The chloroplast (cp) is an important component in the plant cell as it is where optical energy can be restored in the form of carbohydrates through photosynthesis. As a semi-autonomous organelle, the chloroplast possesses uni-parental inherited cricoid DNA with a length ranging from 20.98 kb (Sciaphila densiflora) to 1320.6 kb (Haematococcus lacustris), presenting conservative gene locations and categories in flowering plants (Molina et al., 2014). Because of these features, chloroplast genomes have expanded our knowledge of genetic engineering (Daniell et al., 2016), phylogeny (Jansen et al., 2006) and population demography.
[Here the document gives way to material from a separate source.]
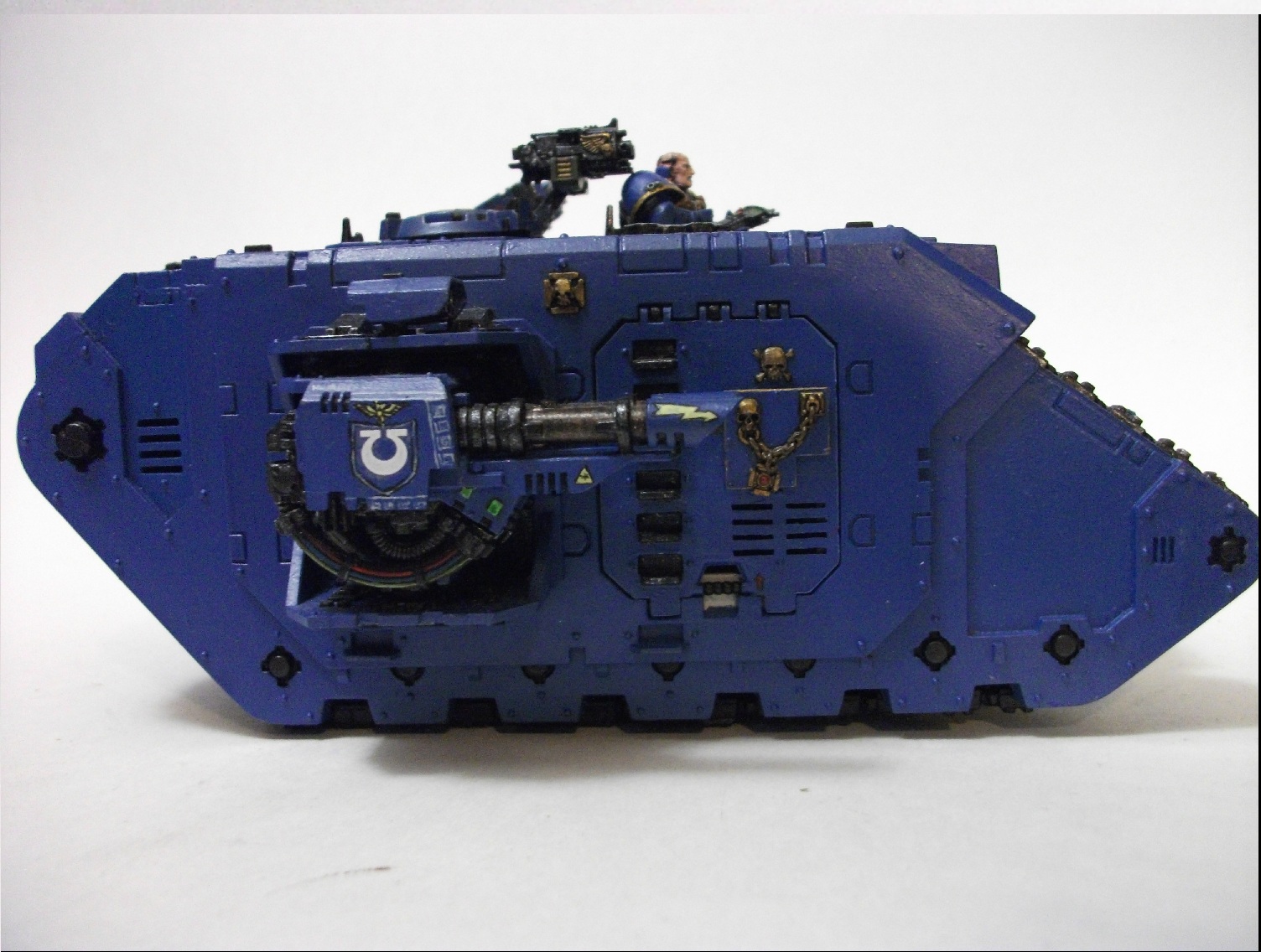 Представляю свой Land raider космического десанта ордена Ультрамаринов. Модель делалась по мотивам транспорта техножрецов ультраамара из игры Warhammer 40000 dawn of war whinter assault. Отсюда несколько нестандартная окраска в сравнении с традиционной геральдикой ордена. Так как танк отображает элитную часть ордена, он собирался со всеми возможными дополнениями, однако в целом он соответствует стандартному ленд райдеру из соответствующего кодекса.

With the development of next generation sequencing (NGS) and assembly technologies, the past two decades have witnessed more than 100 cp genomes reportedly covering over 40 genera in Apiaceae. These cp genomes are all characterized by a quadripartite structure similar to those of most angiosperms, and their discrepancies are mainly reflected in rare changes in gene order and shifting IR-LSC boundaries (Peery, 2015; Spooner et al., 2017). Although it is a monophyletic group (Logacheva et al., 2010) that is of important economic value, few studies have been devoted to the chloroplast genomes of Tordyliinae species.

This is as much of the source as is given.